Pointing Eros
Text by Matthew Rowland-Roberts
I cannot say that I entered the LSW Prison Project without a degree of trepidation. Giving your Romeo in front of an audience of mostly ‘A’ Class prisoners would, or so I’d imagine for most, be a rather surreal way of spending your day off. However, no sooner had the taxi delivered us to Her Majesty’s Prison Woodhill, I was immediately put at ease by an edifice which, for all intents and purposes, looked like your local branch of Tesco …. only with dogs …. and barbed wire.
We proceeded inside the prison and were met by prison officers of both sexes who proceeded to carry out their traditional ritual: ‘the search drill’ as much for our own safety as for anyone else’s, or so we were later told. This was, in fact, a highly democratic procedure in that it included not only us, but also all other members of the prison staff. Apart from the checking of bags, this drill included the (perhaps) sarcastic use of the words, ‘Yes, sir,’ ‘No, sir,’ and ‘Shakespeare in a Prison, sir?’
Momentarily I felt newly ennobled. However, I must warn you against the practicalities of trying to take anything into this prison larger than a paper clip. Don’t. If you are particularly lucky, as was my good fortune, your belongings will be emptied onto a table and rifled through until, of course, the most embarrassing objects therein can be revealed. In my case – giving refreshed clarity to the Mikado lyric ‘a wandering minstrel I’ — this included one gold microphone, a packet of prophylactics and a copy of The Count of Monte Cristo; not, of course, that I wish to cast any aspersions against Dumas. Prisons have decidedly improved since his time.
Each object herein itemised is then paraded in front of the other officers to the joyous sounds of much chortling, guffawing and the gnashing of teeth (mine!). ‘Oh, joy; oh, rapture unforeseen’.
After a particularly filling winter soup, we were introduced to the lads we would be working with in the afternoon. They were all affable, polite and well behaved. After a few brief introductions, we went straight into a series of physical games. As an actor, one forgets the latent embarrassment for the world at large of performing or engaging in any form of strange physical movement or extreme emotional reaction. Thus it was doubly amazing that, with the exception of one or two who preferred to watch from the side due to ill health or an initial lack of confidence, the lads found themselves all wholly immersed in the spirit of the Workout with great aplomb. Whether it be in the chasing of a shoe, the slapping of the floor or the reproduction of vomiting, each person present, free from the constraints of the need to show off, demonstrated a unique raw ability. Nowhere was this more notably evident than in The Shakespeare Name Game.
Each person in the group was given one of the more obscure names from Shakespeare’s plays, ranging from Alcibiades through to and including Pandar. Among the highlights in the physical representation of each was that of one inmate who grabbed his ear and then pointed at the group as a whole in his representation of ‘Eros’.

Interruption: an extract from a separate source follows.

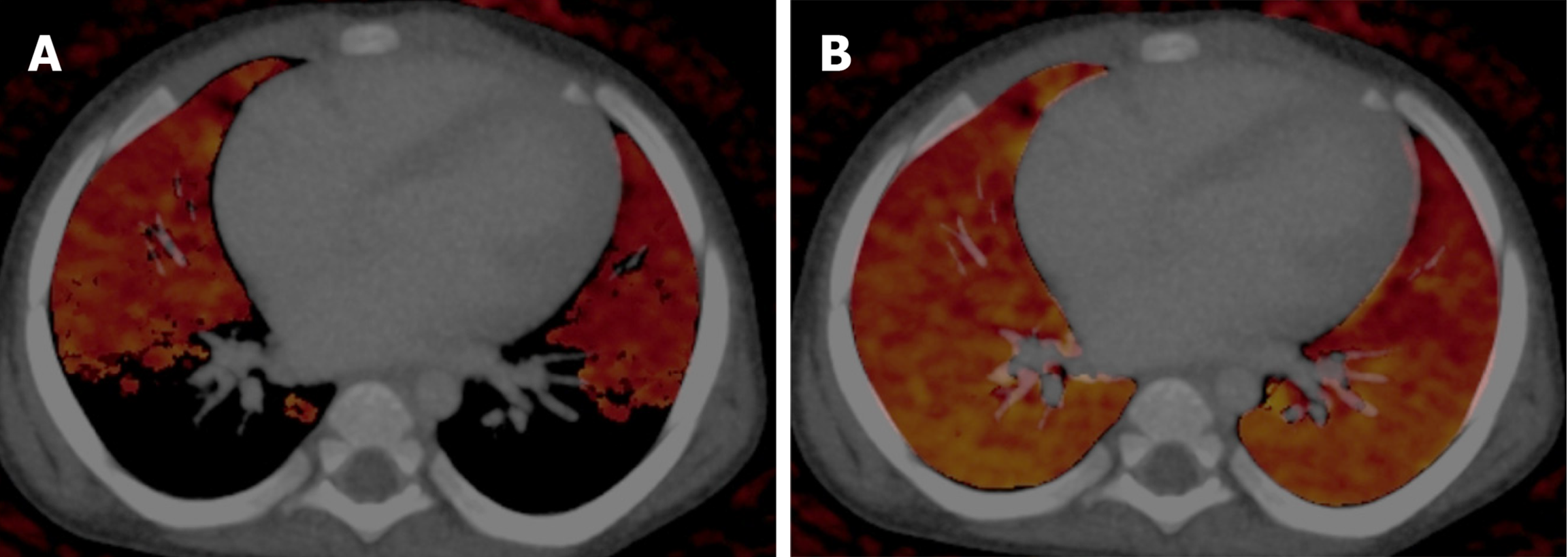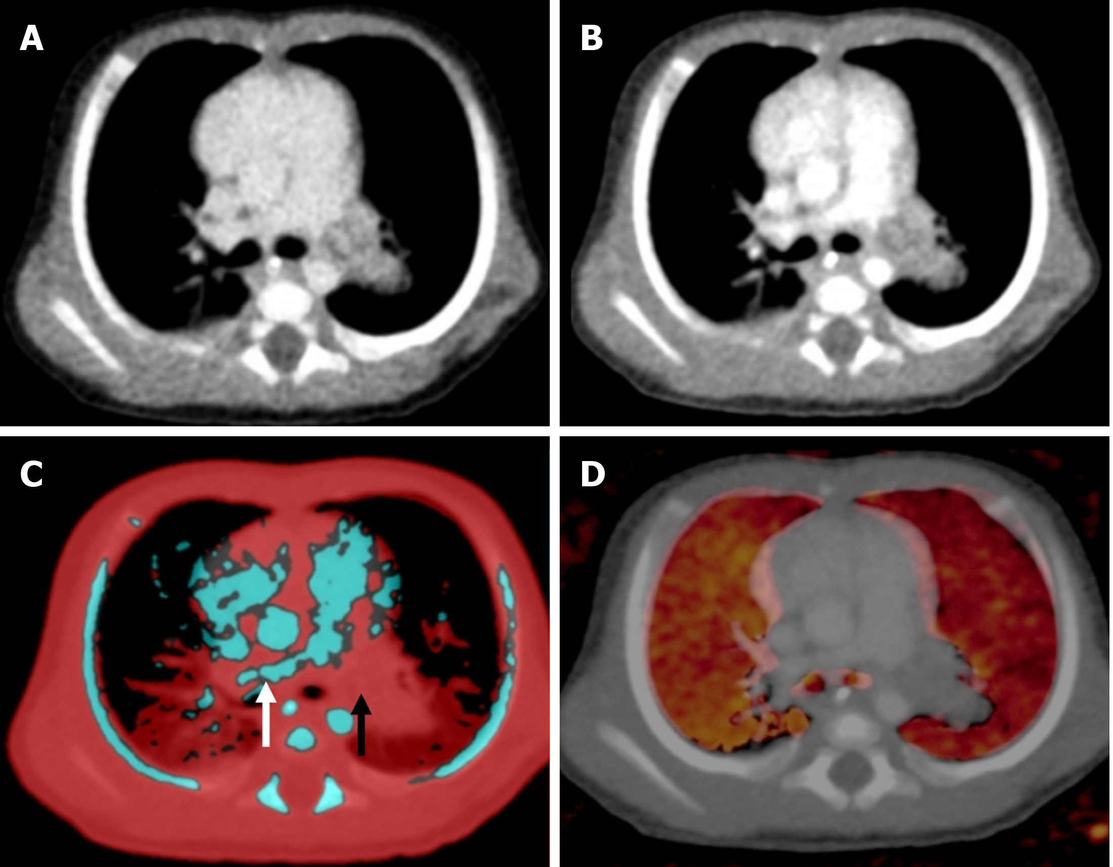A: Iodine defects were seen when the maximum threshold was set at -600 Hounsfield units; B: Lung parenchyma showed normal perfusion when the threshold was changed to -300 Hounsfield units. A higher threshold was needed in children to compensate for the higher lung density.

We also launched into a rousing rendition of ‘The Chastity Belt’ song, written in the style of an Elizabethan round by an earlier Woodhill inmate. This was particularly well received, especially when we explained to the boys what a chastity belt was. They made a rousing chorus. My singing was a bit ropy but nobody gave a monkey’s, and long may the spirit of ‘The Chastity Belt Song’ live on.

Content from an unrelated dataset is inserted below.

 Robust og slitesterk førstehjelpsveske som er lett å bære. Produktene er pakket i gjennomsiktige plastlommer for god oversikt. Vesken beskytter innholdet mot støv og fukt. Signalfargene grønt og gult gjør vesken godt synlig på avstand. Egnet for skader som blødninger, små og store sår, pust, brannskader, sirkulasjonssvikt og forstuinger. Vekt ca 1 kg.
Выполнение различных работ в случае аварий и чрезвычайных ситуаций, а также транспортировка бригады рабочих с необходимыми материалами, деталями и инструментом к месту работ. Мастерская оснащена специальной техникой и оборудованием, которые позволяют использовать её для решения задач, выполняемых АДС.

Towards the latter section of the Workout it was necessary to introduce the lads to Shakespeare’s language; a notoriously tricky affair. However, because Bruce had the good sense to ease into this with the use of the Shakespeare Insult Kit, the lads were more than up for it.
Thus one side of the room was calling out: ‘THOU dankish clay-brained malt-worm’, the visitors on the other side where joining in with their contemporary responses, circa ‘YOU flea on the testicle of a plague-ridden dog’. There were many keen similarities with, say, the slogans one might hear at Ye Olde Highbury Stadium.
The boys were particularly chuffed that this might provide them with the means, and therein the courage, to potentially insult those in authority whilst still remaining under the supportive guise of education: ‘What do you mean solitary confinement? I was just quoting Shakespeare’! Language here – Shakespeare’s language, no less – was at last becoming a practically effective tool, one relating to their own, work-a-day environment.
The workshop culminated with the rhythmic beating out of the five heartbeats inherent in iambic pentameter. ‘I am, I am, I am, I am, I am.’ Five heartbeats in a row we all must tow. This led neatly into Clumps where extracts from, among many, Much Ado, Henry V, Hamlet and, of course, The Tempest all were freely offered and buoyantly utilised by the boys within the action.
It is with pleasure that I can state that, though they may not immediately realise it, each one of these lads for that short span of time was able to unveil a degree of creativity via the language of William Shakespeare which, if they so desire, will inspire, invigorate and enrich their lives. Certainly, they did ours.
Never has the line, ‘We are such stuff as dreams are made on’, felt so poignant.